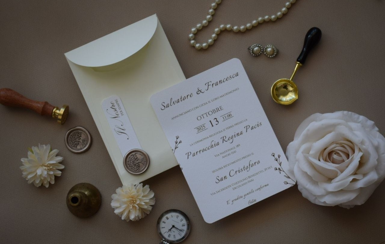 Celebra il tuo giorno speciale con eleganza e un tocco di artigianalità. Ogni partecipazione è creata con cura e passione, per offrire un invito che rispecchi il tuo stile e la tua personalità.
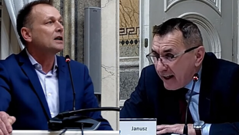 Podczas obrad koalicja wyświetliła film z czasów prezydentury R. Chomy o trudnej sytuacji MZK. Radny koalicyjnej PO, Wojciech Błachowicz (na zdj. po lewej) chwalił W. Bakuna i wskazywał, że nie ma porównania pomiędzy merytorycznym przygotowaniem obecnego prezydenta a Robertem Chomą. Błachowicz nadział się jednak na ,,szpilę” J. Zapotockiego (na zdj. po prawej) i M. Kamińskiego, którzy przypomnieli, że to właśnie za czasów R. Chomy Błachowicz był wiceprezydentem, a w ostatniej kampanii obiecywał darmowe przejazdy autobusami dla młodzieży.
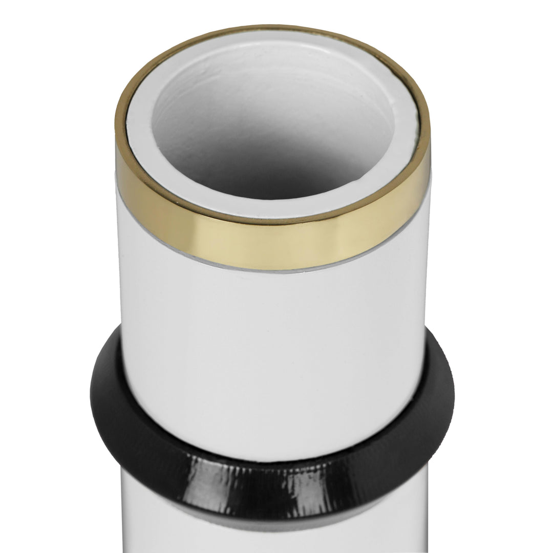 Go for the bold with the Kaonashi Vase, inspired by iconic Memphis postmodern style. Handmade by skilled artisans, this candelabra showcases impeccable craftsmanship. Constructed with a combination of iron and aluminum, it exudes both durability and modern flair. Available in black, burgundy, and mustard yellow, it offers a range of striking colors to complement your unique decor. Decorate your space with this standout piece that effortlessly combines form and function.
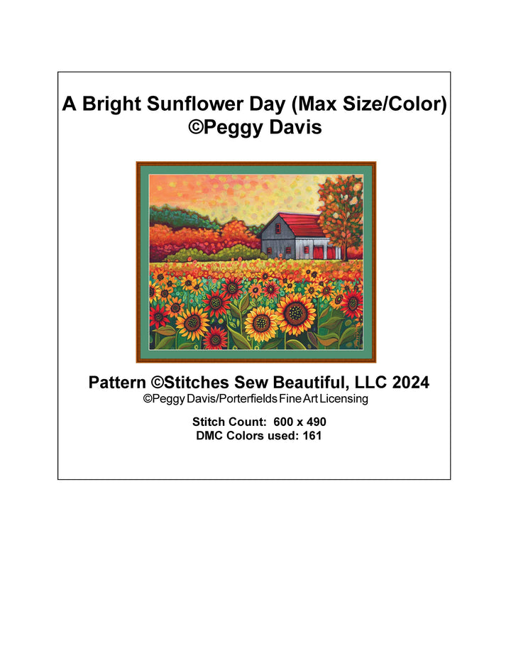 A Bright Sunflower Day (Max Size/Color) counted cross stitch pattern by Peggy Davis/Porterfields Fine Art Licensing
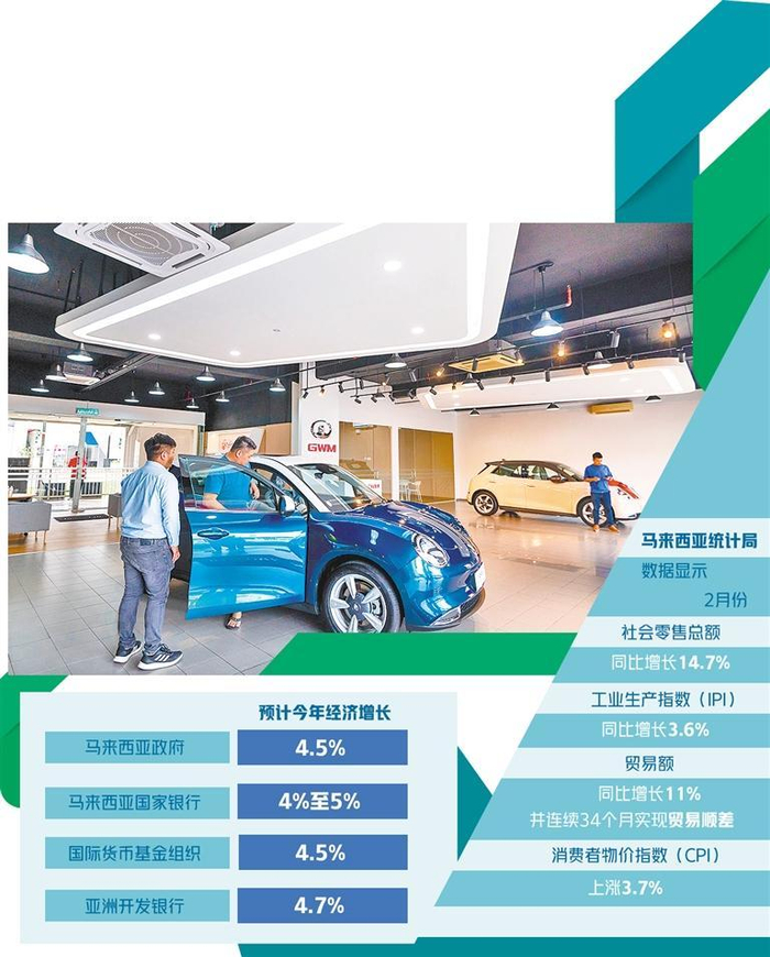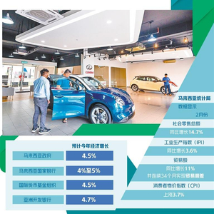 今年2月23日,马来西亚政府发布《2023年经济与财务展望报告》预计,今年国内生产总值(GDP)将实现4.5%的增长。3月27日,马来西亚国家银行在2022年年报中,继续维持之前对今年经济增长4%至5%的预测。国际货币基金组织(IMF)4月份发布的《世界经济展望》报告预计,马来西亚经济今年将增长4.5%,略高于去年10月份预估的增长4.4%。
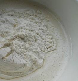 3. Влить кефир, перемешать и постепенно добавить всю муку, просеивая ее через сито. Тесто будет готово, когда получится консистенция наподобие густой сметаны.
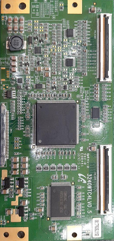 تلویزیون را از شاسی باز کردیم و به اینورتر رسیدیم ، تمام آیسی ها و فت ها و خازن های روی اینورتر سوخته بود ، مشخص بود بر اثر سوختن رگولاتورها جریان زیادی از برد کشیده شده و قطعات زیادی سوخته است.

### Task to complete
Output the listing exactly, pictures excluded.

### Exercise answer
 Celebra il tuo giorno speciale con eleganza e un tocco di artigianalità. Ogni partecipazione è creata con cura e passione, per offrire un invito che rispecchi il tuo stile e la tua personalità.
 Podczas obrad koalicja wyświetliła film z czasów prezydentury R. Chomy o trudnej sytuacji MZK. Radny koalicyjnej PO, Wojciech Błachowicz (na zdj. po lewej) chwalił W. Bakuna i wskazywał, że nie ma porównania pomiędzy merytorycznym przygotowaniem obecnego prezydenta a Robertem Chomą. Błachowicz nadział się jednak na ,,szpilę” J. Zapotockiego (na zdj. po prawej) i M. Kamińskiego, którzy przypomnieli, że to właśnie za czasów R. Chomy Błachowicz był wiceprezydentem, a w ostatniej kampanii obiecywał darmowe przejazdy autobusami dla młodzieży.
 Go for the bold with the Kaonashi Vase, inspired by iconic Memphis postmodern style. Handmade by skilled artisans, this candelabra showcases impeccable craftsmanship. Constructed with a combination of iron and aluminum, it exudes both durability and modern flair. Available in black, burgundy, and mustard yellow, it offers a range of striking colors to complement your unique decor. Decorate your space with this standout piece that effortlessly combines form and function.
 A Bright Sunflower Day (Max Size/Color) counted cross stitch pattern by Peggy Davis/Porterfields Fine Art Licensing
 今年2月23日,马来西亚政府发布《2023年经济与财务展望报告》预计,今年国内生产总值(GDP)将实现4.5%的增长。3月27日,马来西亚国家银行在2022年年报中,继续维持之前对今年经济增长4%至5%的预测。国际货币基金组织(IMF)4月份发布的《世界经济展望》报告预计,马来西亚经济今年将增长4.5%,略高于去年10月份预估的增长4.4%。
 3. Влить кефир, перемешать и постепенно добавить всю муку, просеивая ее через сито. Тесто будет готово, когда получится консистенция наподобие густой сметаны.
 تلویزیون را از شاسی باز کردیم و به اینورتر رسیدیم ، تمام آیسی ها و فت ها و خازن های روی اینورتر سوخته بود ، مشخص بود بر اثر سوختن رگولاتورها جریان زیادی از برد کشیده شده و قطعات زیادی سوخته است.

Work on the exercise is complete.